The hallway answer
A question asked in the hallway gets a careful non-answer: it depends. The same question asked with the file open gets a real answer, with reasons. The difference is not intelligence - it is context: who the parties are, what was actually signed, which jurisdiction governs, what has happened since.
The same is true of AI - and it is why so many firms are underwhelmed by it. A model without context answers like the hallway: fluent, general, and unaccountable to the facts of the matter. Fix the context and the same tool starts returning hours to fee earners, answers clients can rely on, and work partners can trace and stand behind. Most disappointment with legal AI is not a model failure. It is a context failure.
Prompting is context work done by hand
The first generation of legal AI use looks like this: open a chat window, paste in a clause, describe the background, ask the question, and repeat the ritual tomorrow. The lawyer is doing the context assembly by hand, one paste at a time, and the quality of the answer tracks the patience of the paster. That is senior time spent on transcription, not judgement - and it works in a demo, not across a caseload.
The future of legal AI is not better prompting. It is systems that already hold the context, structured and ready, so the question is the only thing you type.
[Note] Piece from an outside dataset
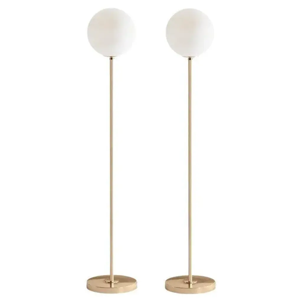 Set of 2 brass floor lamp 06 Dimmable by Magic Circus Editions Dimensions: D 25 x H 160 cm Materials: Brass base, smooth brass tube, glossy mouth blown glass Non-Dimmable version available. Up to 250V (Europe/UK Standard).

What context means in legal work
Context in legal work is four layers, and a useful answer usually needs all of them.
- The matter. Parties, dates, deadlines, obligations, what has been agreed, what is in dispute. The living state of the case.
- The documents. The clauses as they actually read, in the version that actually governs - not as anyone remembers them.
- The law. Current, jurisdiction-correct, from sources with real authority.
- The firm's own knowledge. Playbooks, templates, positions taken before - the standards that keep advice consistent from one matter to the next.
A new associate is useful only once they hold all four. A machine is no different. Hand it one layer and it will answer from one layer - confidently.
Context is engineered, not accumulated
More context is not automatically better context. Dumping an entire data room into a model does not produce a considered answer, any more than handing an associate forty binders produces one by morning. The real work is retrieving what actually bears on this question, weighing it the way a lawyer would - authority and recency, not just resemblance - and keeping the receipts so every claim can be traced back to the passage it stands on. The question for a firm is no longer 'how do we phrase the prompt'. It is 'does the system hold our context, and can it show us what it used'.
Consolidation is a context argument
This is also the honest case for one platform instead of many. When documents live in one tool, deadlines in a second, correspondence in a third, and the AI in a fourth, context is fragmented by architecture - and every handover between tools strips a little more of it away. No integration glue restores what the structure throws away.
When the matter, the documents, the law, and the firm's knowledge live under one roof, context compounds instead of fragmenting. Everything the platform holds is context the AI can draw on - without anyone pasting anything. That is what a matter in PONS is: not a folder, but structured context, ready for any question that comes next.
What changes in practice
Context makes the machine a better reader: it does the reading, assembles what bears on the question, and shows its work, so decisions land on evidence instead of memory - and nobody is carrying the file to the machine one paste at a time.
In legal work, an answer is only as good as the context behind it. The same is now true of the tools.